• _WHAT THE EXERCISE ASKS_: Any pictures in the records below must be left out when you repeat the lines from the line containing "端景台分为展示性端景台和储物" through the line containing "Get Jack ready" exactly.

• _THE DATA_:
▼

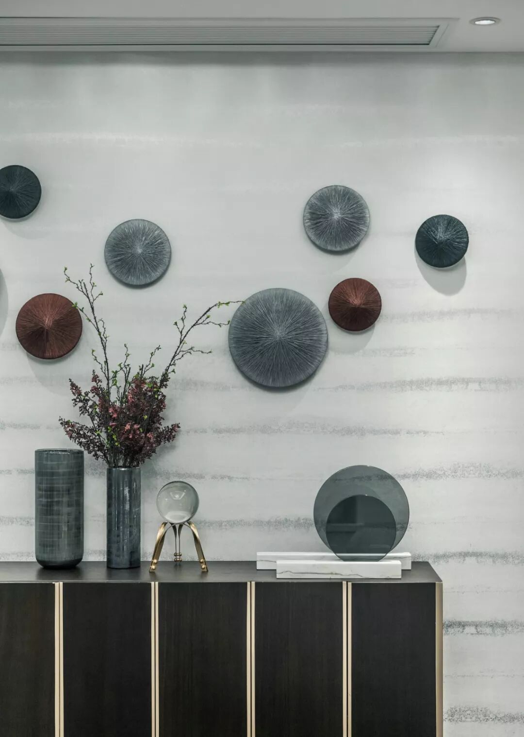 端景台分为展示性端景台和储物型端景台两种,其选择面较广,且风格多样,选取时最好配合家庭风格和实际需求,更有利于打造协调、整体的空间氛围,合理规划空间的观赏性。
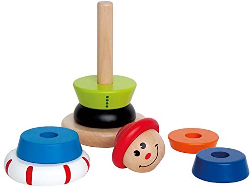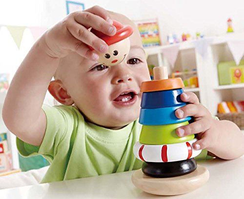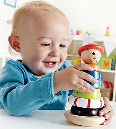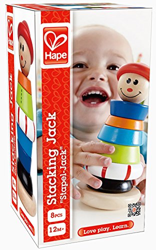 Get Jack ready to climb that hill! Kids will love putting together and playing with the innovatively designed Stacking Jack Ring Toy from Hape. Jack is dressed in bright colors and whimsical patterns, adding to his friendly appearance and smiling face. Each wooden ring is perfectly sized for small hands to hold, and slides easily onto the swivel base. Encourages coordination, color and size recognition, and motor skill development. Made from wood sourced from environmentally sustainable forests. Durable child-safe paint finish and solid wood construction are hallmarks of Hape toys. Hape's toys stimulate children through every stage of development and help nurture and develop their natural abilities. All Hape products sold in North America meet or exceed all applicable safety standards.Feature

▲
▼

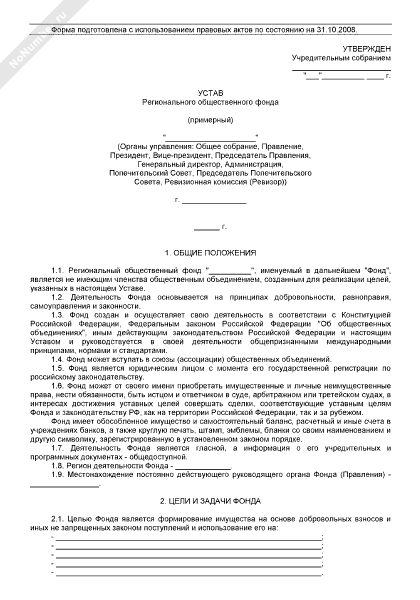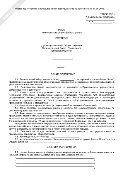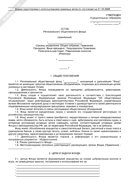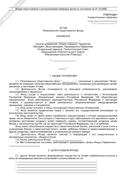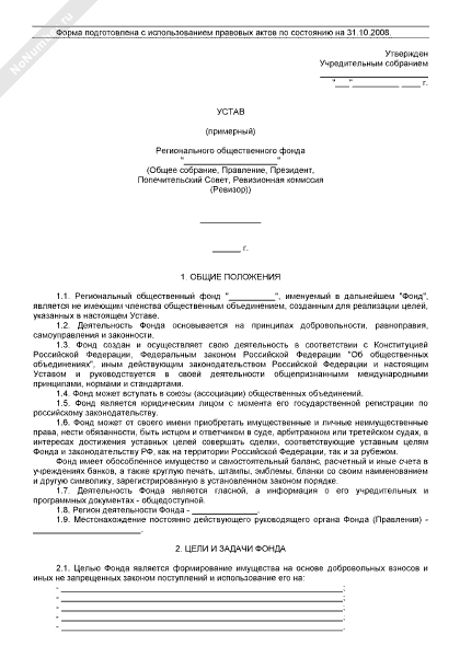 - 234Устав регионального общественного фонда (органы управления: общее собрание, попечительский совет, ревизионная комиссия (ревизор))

▲

• _COMPLETED EXERCISE_:
 端景台分为展示性端景台和储物型端景台两种,其选择面较广,且风格多样,选取时最好配合家庭风格和实际需求,更有利于打造协调、整体的空间氛围,合理规划空间的观赏性。
 Get Jack ready to climb that hill! Kids will love putting together and playing with the innovatively designed Stacking Jack Ring Toy from Hape. Jack is dressed in bright colors and whimsical patterns, adding to his friendly appearance and smiling face. Each wooden ring is perfectly sized for small hands to hold, and slides easily onto the swivel base. Encourages coordination, color and size recognition, and motor skill development. Made from wood sourced from environmentally sustainable forests. Durable child-safe paint finish and solid wood construction are hallmarks of Hape toys. Hape's toys stimulate children through every stage of development and help nurture and develop their natural abilities. All Hape products sold in North America meet or exceed all applicable safety standards.Feature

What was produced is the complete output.